MISACHENEVICA

INTERVISTA ESCLUSIVA
AI
MISACHENEVICA

Chi eravate prima di diventare MiSaCheNevica. Raccontateci la vostra esperienza passata e presente.
Antonio: io e Walter ci conosciamo dai lontani tempi del liceo e qualche anno più tardi abbiamo suonato insieme nei Disfunzione. Quando lui ha iniziato a dedicarsi ad un nuovo progetto insieme al giovane Marco, che militava negli Zoo, mi ha chiesto se fossi interessato a partecipare, ricevendo la mia adesione. Sono seguiti un EP, un album, vari concerti e più di qualche soddisfazione a livello di pubblico e critica.

MiSaCheNevica, è una frase che esprime incertezza e speranza allo stesso tempo, forse un po’ in contrasto rispetto alla grinta e alla rabbia del vostro sound, raccontateci come mai questa scelta.
Antonio: mi sono presentato in sala prove con un foglietto pieno di possibili nomi per il gruppo; ne abbiamo estrapolati circa tre o quattro che ci piacevano particolarmente, finendo per dare la vittoria finale, messa ai voti a questa denominazione. La neve copre le cose conferendovi un nuovo aspetto; a volte si spera quindi nel suo arrivo perché trasformi un po’ la situazione e scombussoli i programmi. E quando nell’ aria senti che sta per arrivare… MiSaCheNevica.

Come nasce un vostro brano, testo melodia e arrangiamenti.
Walter: generalmente me ne esco con un giro di chitarra ed una melodia che propongo a Marco e Antonio, e iniziamo a lavorarci assieme. Da lì ognuno propone vari altri spunti e pian piano si costruisce la canzone.

Siamo un po’ tutti “Figli illegittimi di Kurt Cobain”, citando il titolo del vostro brano inserito nella seconda compilation di Sound&Vision, ancora oggi ‘Montage Of Heck’ testimonia quanto sia forte e intimo il rapporto che abbiamo con Kurt e con la musica dei Nirvana, perché secondo voi?
Walter : i Nirvana hanno dato una fortissima scossa, probabilmente l’ultima degna di questo nome, al mondo della musica, coniugando pop, punk, disagio, rabbia e sensibilità in un modo sublime.

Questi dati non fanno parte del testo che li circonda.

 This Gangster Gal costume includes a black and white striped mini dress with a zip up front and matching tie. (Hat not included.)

Come il grunge ha influito nel vostro percorso musicale e come sta continuando ad influire tuttoggi? E’ solo Retromania?Walter : nonostante il passare degli anni, Nirvana& Co. continuano ad essere un fortissimo punto di riferimento per il  nostro essere musicisti e persone, e credo che andrà sempre così. Hai citato “Montage ofHeck” : sia io che Antonio e Marco siamo andati a vederlo. Sembrava difficile che un film/documentario potesse accrescere ulteriormente il fascino che Kurt e gli altri esercitano su di noi, ma è successo. Siamo usciti dalla sala al tempo stesso entusiasti e confusi…

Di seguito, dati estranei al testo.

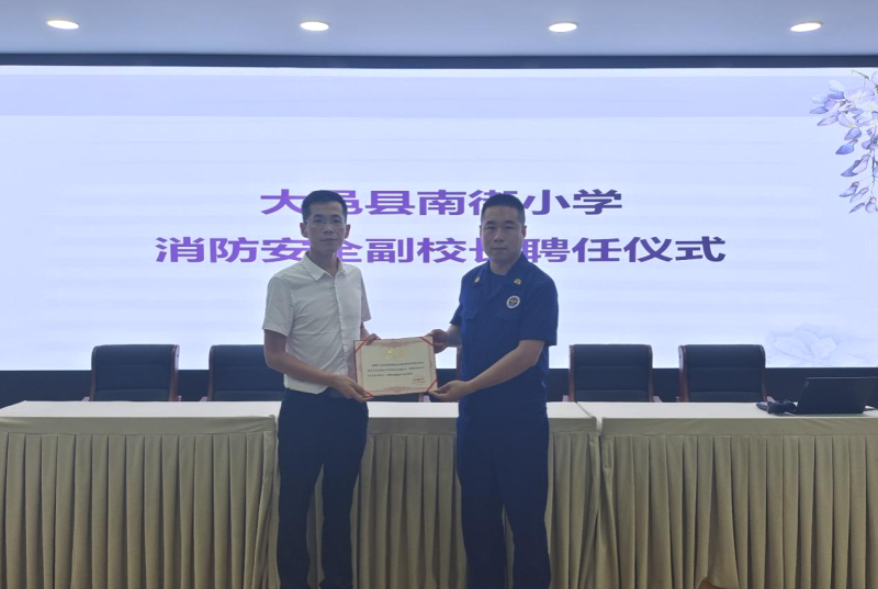 副校长秦旭首先致欢迎辞,衷心感谢大邑县消防救援大队曾鸿全同志应邀参加此次活动,并代表学校向曾鸿全同志颁发“大邑县南街小学消防安全副校长”聘书。
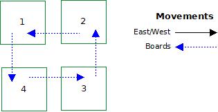 East/West pairs start by moving down 1 table, then move down 2 tables skipping their home table.

Che rapporti avete con il panorama musicale di oggi?
Marco: per quanto possibile, cerchiamo di tenerci aggiornati sia sulla scena locale, che riguardo a quanto avviene a distanza da noi, chiaramente con un occhio di riguardo agli ambiti “indie”.

Un vostro punto debole, un vostro punto forte.
Marco: pur essendo dei musicisti “cazzoni”, riusciamo a scrivere e suonare belle canzoni.